Southbury June Floral Selection


The Bloom Central flower delivery of the month for June in Southbury is the Light and Lovely Bouquet

June flower delivery item for Southbury

Introducing the Light and Lovely Bouquet, a floral arrangement that will brighten up any space with its delicate beauty. This charming bouquet, available at Bloom Central, exudes a sense of freshness and joy that will make you smile from ear to ear.

The Light and Lovely Bouquet features an enchanting combination of yellow daisies, orange Peruvian Lilies, lavender matsumoto asters, orange carnations and red mini carnations. These lovely blooms are carefully arranged in a clear glass vase with a touch of greenery for added elegance.
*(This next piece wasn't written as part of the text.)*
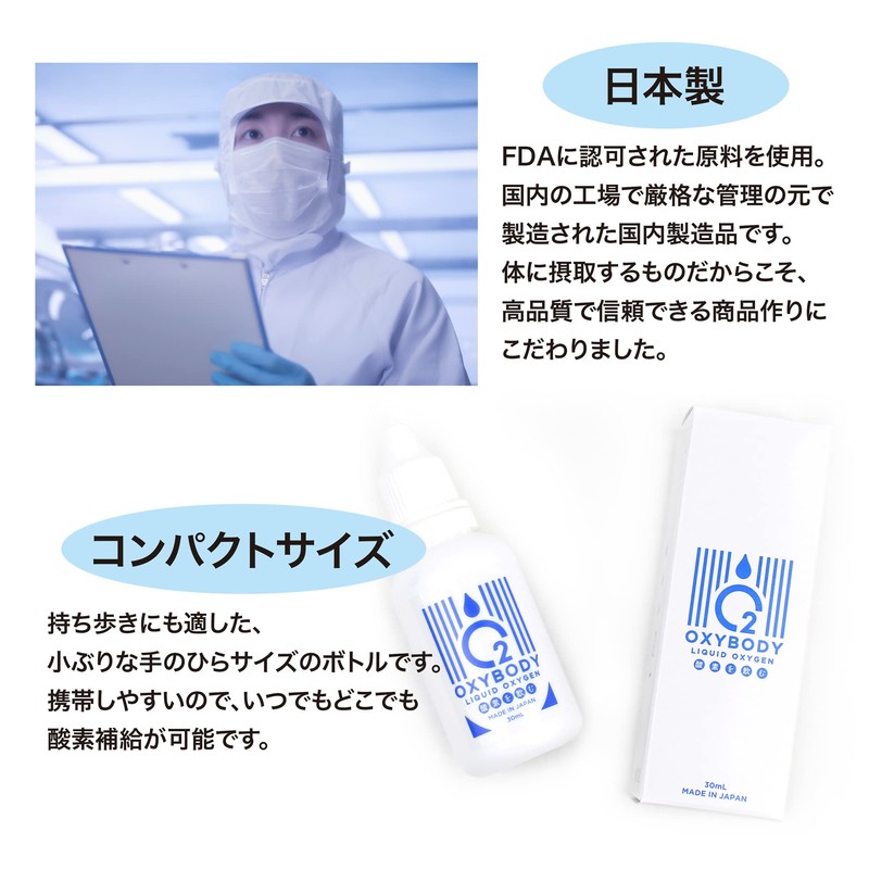 - 【✅溶解型酸素】OXYBODY(オキシボディ)では溶解型酸素の補給ができます◎溶解型酸素は小さく血管の隅々まで届く酸素です。【✅信頼の日本製】FDAに認可された原料を使用。さらに、国内の工場で厳格な管理の元で製造された国内製造品。

This delightful floral bouquet is perfect for all occasions be it welcoming a new baby into the world or expressing heartfelt gratitude to someone special. The simplicity and pops of color make this arrangement suitable for anyone who appreciates beauty in its purest form.
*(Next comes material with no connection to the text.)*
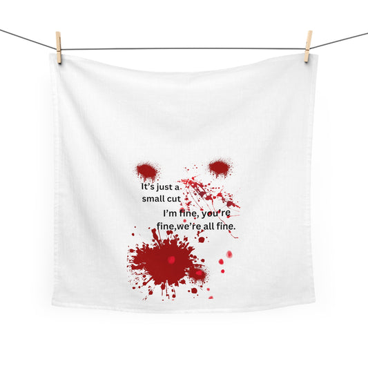 Humorous Blood Splatter Tea Towel - "It's Just a Small Cut" Reminds Us that We're Not all Built the Same

What is truly remarkable about the Light and Lovely Bouquet is how effortlessly it brings warmth into any room. It adds just the right amount of charm without overwhelming the senses.

The Light and Lovely Bouquet also comes arranged beautifully in a clear glass vase tied with a lime green ribbon at the neck - making it an ideal gift option when you want to convey your love or appreciation.

Another wonderful aspect worth mentioning is how long-lasting these blooms can be if properly cared for. With regular watering and trimming stems every few days along with fresh water changes every other day; this bouquet can continue bringing cheerfulness for up to two weeks.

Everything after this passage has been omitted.